Created symlink from /etc/systemd/system/multi-user.target.wants/nfs-server.service to /usr/lib/systemd/system/nfs-server.service.

[ec2-user@es-coordinater ~]$ sudo service rpcbind start
Redirecting to /bin/systemctl start rpcbind.service

[ec2-user@es-coordinater ~]$ sudo service nfs start
Redirecting to /bin/systemctl start nfs.service

[ec2-user@es-coordinater ~]$ sudo mkdir /mnt/snapshots

[ec2-user@es-coordinater ~]$ sudo chown elasticsearch:elasticsearch /mnt/snapshots

코디네이트 노드(또는 지정된 마스터노드)에서 아래와 같이 설정해준다.

#/mnt/snapshots  {data node 01 ip}(rw,sync,no_root_squash,no_subtree_check)
#/mnt/snapshots  {data node 02 ip}(rw,sync,no_root_squash,no_subtree_check)
#/mnt/snapshots  {data node 03 ip}(rw,sync,no_root_squash,no_subtree_check)
[ec2-user@es-coordinater ~]$ sudo vim /etc/exports
/mnt/snapshots  10.10.1.51(rw,sync,no_root_squash,no_subtree_check)
/mnt/snapshots  10.10.1.68(rw,sync,no_root_squash,no_subtree_check)
/mnt/snapshots  10.10.1.206(rw,sync,no_root_squash,no_subtree_check)

[ec2-user@es-coordinater ~]$ sudo exportfs -a

그런 다음에 코디네이트 노드(또는 지정된 마스터노드)를 제외한 모든노드에서 아래와 같이 공유폴더 mount 명령어를 실행해준다.

# sudo mount {마스터노드 아이피}:/mnt/snapshots /mnt/snapshots
[ec2-user@data01 mnt]$ sudo mount 10.10.1.226:/mnt/snapshots /mnt/snapshots

모든노드에서 아래와 같이 명령어를 실행하여 ES 차원에서 레포를 어떤거로 할지 지정해준다.
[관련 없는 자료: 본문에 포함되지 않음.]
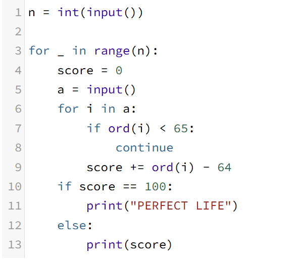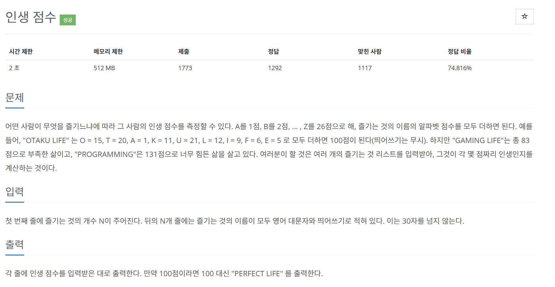 문자열을 입력받고 아스키 코드로 점수의 합을 구한다.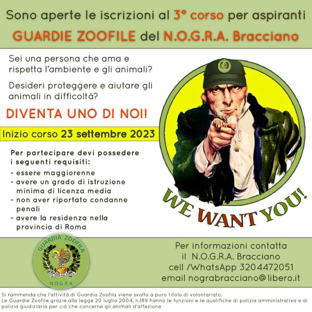 La guardie zoofile del N.O.G.R.A. Bracciano sono pubblici ufficiali ed agenti di polizia giudiziaria che effettuano attività di tutela, controllo e repressione degli illeciti e dei reati verso animali. Il servizio a cui sono destinate è stabilito dalla legge 189/2004, dalle ordinanze ministeriali, dai regolamenti e nello specifico riguarda la protezione degli animali e la tutela del patrimonio zootecnico. I verbali redatti dalle guardie zoofile, quali pubblici ufficiali, hanno forza di atto pubblico e costituiscono prova in giudizio fino a querela di falso. L’inizio del corso è fissato per il 23 settembre 2023.

[ec2-user@es-coordinater ~]$ sudo vim /etc/elasticsearch/elasticsearch.yml

...

# 가장 하단에 아래의 컨피그 값 추가
path.repo: ["/mnt/snapshots"]
    
[ec2-user@es-coordinater ~]$ sudo systemctl restart elasticsearch.service

[ec2-user@es-coordinater ~]$ sudo systemctl status elasticsearch.service
 elasticsearch.service - Elasticsearch
   Loaded: loaded (/usr/lib/systemd/system/elasticsearch.service; enabled; vendor preset: disabled)
   Active: active (running) since Sun 2021-10-03 16:51:51 KST; 20s ago
     Docs: https://www.elastic.co
 Main PID: 4473 (java)
   CGroup: /system.slice/elasticsearch.service
           ├─4473 /usr/share/elasticsearch/jdk/bin/java -Xshare:auto -Des.networkaddress.cache.ttl=60 -Des.networkaddress.cache.negative.ttl=10 -XX:+AlwaysPreTouch...
           └─4675 /usr/share/elasticsearch/modules/x-pack-ml/platform/linux-x86_64/bin/controller

Oct 03 16:51:25 es-coordinater systemd[1]: Starting Elasticsearch...
Oct 03 16:51:51 es-coordinater systemd[1]: Started Elasticsearch.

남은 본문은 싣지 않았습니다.